Chloroplast genome maps of C. capitata (Wall.) Moq. (A, B), C. officinalis Kuan (C), and C. officinalisC. capitata (D). Genes inside the circle are transcribed clockwise, and genes outside are transcribed counterclockwise. The dark gray inner circle corresponds to the GC content, and the light gray circle corresponds to the AT content.*
SSR and LSR analysis
3.2
SSRs, also known as microsatellites, are short tandem repeats consisting of 1 to 6 nucleotides. These sequences are characterized by the consecutive repetition of a small nucleotide motif, and the number, type, and distribution of SSR loci vary among species (Chen and Huang, 2004).

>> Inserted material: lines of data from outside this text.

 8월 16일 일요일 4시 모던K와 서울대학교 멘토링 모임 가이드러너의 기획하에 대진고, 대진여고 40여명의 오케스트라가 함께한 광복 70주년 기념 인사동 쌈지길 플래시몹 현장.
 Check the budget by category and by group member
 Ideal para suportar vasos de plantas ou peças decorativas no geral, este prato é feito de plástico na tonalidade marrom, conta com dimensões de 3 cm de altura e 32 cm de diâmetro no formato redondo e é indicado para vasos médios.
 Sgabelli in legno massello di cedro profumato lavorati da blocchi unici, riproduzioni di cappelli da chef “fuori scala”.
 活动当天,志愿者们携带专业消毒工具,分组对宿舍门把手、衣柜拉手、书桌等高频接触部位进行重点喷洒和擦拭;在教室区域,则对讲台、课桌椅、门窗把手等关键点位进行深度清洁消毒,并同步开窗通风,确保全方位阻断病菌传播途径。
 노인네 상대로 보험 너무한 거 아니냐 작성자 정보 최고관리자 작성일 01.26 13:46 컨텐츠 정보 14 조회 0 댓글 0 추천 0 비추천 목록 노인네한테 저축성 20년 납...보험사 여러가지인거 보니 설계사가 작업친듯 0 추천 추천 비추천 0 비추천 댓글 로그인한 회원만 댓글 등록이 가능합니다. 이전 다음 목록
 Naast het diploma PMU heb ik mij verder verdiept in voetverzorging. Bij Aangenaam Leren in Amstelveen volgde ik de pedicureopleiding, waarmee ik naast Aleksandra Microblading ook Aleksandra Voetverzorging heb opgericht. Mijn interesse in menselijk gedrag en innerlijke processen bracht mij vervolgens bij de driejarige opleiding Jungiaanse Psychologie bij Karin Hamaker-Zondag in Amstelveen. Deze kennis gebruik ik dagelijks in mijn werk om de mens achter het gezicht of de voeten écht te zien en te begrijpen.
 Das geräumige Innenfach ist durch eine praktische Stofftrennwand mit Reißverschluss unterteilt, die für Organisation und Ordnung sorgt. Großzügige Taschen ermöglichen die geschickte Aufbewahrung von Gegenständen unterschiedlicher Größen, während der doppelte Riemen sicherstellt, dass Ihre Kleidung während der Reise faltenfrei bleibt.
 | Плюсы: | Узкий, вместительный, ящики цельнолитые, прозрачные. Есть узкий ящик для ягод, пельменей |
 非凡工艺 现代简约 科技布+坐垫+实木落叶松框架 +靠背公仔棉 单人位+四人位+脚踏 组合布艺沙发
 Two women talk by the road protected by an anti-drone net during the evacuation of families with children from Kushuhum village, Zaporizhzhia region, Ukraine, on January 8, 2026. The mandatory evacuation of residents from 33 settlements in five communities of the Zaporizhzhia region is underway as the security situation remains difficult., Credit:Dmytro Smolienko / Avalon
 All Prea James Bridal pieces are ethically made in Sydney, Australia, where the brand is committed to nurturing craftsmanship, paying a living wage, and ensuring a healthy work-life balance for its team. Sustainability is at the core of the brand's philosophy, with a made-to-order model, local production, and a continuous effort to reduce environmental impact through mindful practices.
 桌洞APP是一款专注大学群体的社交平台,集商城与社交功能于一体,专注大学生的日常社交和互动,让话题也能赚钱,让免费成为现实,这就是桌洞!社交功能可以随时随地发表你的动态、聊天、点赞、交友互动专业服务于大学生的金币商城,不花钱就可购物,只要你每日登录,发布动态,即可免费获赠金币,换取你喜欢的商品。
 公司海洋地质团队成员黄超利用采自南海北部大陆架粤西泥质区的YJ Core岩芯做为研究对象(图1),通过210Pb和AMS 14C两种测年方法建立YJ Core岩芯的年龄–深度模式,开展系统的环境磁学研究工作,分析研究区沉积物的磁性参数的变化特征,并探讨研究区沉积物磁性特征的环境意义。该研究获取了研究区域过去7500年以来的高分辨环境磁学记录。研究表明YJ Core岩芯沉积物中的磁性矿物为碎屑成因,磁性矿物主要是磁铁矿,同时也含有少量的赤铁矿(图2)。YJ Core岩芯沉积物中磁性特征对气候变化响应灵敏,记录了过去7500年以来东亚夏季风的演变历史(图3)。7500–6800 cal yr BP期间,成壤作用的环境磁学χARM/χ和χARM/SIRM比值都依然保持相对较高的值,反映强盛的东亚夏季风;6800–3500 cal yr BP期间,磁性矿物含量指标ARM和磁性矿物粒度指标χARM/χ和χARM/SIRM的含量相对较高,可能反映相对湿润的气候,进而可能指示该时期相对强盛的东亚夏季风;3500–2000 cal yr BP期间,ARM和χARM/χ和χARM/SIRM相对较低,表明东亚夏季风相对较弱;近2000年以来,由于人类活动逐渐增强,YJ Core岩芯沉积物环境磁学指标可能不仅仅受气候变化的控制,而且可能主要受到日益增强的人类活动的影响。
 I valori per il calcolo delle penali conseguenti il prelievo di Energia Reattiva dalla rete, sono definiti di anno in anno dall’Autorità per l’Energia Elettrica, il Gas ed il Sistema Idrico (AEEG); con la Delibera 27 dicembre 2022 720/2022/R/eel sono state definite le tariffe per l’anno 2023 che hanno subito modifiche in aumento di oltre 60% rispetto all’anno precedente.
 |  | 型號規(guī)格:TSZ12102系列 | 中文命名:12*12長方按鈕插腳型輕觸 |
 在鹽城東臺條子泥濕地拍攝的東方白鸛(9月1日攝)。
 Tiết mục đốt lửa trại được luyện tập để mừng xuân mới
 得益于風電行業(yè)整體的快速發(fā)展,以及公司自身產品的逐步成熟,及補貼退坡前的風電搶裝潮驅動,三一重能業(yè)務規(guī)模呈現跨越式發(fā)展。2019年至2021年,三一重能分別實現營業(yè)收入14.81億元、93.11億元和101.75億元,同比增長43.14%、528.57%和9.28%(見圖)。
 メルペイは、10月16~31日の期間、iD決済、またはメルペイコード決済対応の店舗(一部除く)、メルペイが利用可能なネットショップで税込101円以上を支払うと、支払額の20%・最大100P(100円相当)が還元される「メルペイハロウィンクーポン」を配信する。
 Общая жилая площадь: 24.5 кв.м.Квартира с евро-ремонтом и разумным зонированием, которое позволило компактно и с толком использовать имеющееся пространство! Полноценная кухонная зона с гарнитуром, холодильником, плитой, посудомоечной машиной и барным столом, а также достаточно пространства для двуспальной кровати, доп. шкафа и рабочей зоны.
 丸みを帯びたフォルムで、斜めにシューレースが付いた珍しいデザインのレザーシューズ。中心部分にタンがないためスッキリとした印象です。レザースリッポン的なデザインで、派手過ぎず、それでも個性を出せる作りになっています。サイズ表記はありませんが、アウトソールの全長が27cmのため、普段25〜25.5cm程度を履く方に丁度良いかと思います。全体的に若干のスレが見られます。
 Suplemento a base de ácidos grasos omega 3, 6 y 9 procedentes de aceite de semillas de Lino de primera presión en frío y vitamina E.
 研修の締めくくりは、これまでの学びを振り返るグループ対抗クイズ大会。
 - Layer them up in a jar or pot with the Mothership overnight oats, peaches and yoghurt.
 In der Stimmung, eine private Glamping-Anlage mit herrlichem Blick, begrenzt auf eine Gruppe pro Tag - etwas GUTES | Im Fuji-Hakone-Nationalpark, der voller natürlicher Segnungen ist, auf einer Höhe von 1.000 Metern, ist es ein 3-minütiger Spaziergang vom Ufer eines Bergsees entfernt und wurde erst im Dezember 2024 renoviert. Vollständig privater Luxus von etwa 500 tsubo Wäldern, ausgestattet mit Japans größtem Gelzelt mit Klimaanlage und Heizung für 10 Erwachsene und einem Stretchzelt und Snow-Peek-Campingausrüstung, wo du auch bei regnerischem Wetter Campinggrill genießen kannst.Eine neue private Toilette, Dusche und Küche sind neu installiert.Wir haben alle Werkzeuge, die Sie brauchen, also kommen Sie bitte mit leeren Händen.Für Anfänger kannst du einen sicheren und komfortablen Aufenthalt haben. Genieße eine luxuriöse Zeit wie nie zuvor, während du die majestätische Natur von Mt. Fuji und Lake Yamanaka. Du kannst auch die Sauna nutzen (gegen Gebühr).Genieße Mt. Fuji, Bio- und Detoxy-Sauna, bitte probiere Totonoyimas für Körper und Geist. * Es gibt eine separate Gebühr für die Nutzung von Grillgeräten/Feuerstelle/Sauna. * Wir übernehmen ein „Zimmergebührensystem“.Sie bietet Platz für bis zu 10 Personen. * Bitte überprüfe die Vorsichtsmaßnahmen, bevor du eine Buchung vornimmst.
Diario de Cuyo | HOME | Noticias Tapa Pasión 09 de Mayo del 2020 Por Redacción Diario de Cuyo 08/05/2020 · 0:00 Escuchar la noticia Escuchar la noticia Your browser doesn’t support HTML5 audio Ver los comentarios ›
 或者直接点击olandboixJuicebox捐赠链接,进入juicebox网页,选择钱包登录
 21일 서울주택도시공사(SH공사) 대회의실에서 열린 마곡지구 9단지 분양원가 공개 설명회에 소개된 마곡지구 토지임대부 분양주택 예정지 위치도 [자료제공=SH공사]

Our analysis revealed that Cyathula capitata contains four types of SSRs: mononucleotide, dinucleotide, tetranucleotide, and hexanucleotide repeats. In contrast, Cyathula officinalis and the hybrid Cyathula officinalis × Cyathula capitata exhibit only three types: mononucleotide, dinucleotide, and tetranucleotide repeats. Mononucleotide repeats predominate across all three species, with T/A repeats being the most frequent. This prevalence aligns with previous research indicating that high AT content is a common feature of higher plant chloroplast genomes. SSRs are primarily distributed in IGS regions, predominantly within the LSC region of the chloroplast genome (Yang et al., 2019). While overall SSR characteristics are similar among the species, differences in the number and distribution of SSRs were observed (Supplementary Table 4, Figure 2). Specifically, mononucleotide SSRs accounted for 93.75–94.81% of SSRs in Cyathula capitata, with repeat lengths ranging from 10 to 15. In Cyathula officinalis, mononucleotide SSRs made up 94.87%, with lengths ranging from 10 to 16.
SSR distribution in the chloroplast genomes of Cyathula capitata, Cyathula officinalis, and Cyathula officinalis × Cyathula capitata. P1-Mononucleotide repeats P2-Dinucleotide repeats P3-Trinucleotide repeats. P4-Tetranucleotide repeats P5-Pentanucleotide repeats P6-Hexanucleotide repeats. (A) Nucleotide repeat types and counts (B) SSR distributions across genomic re.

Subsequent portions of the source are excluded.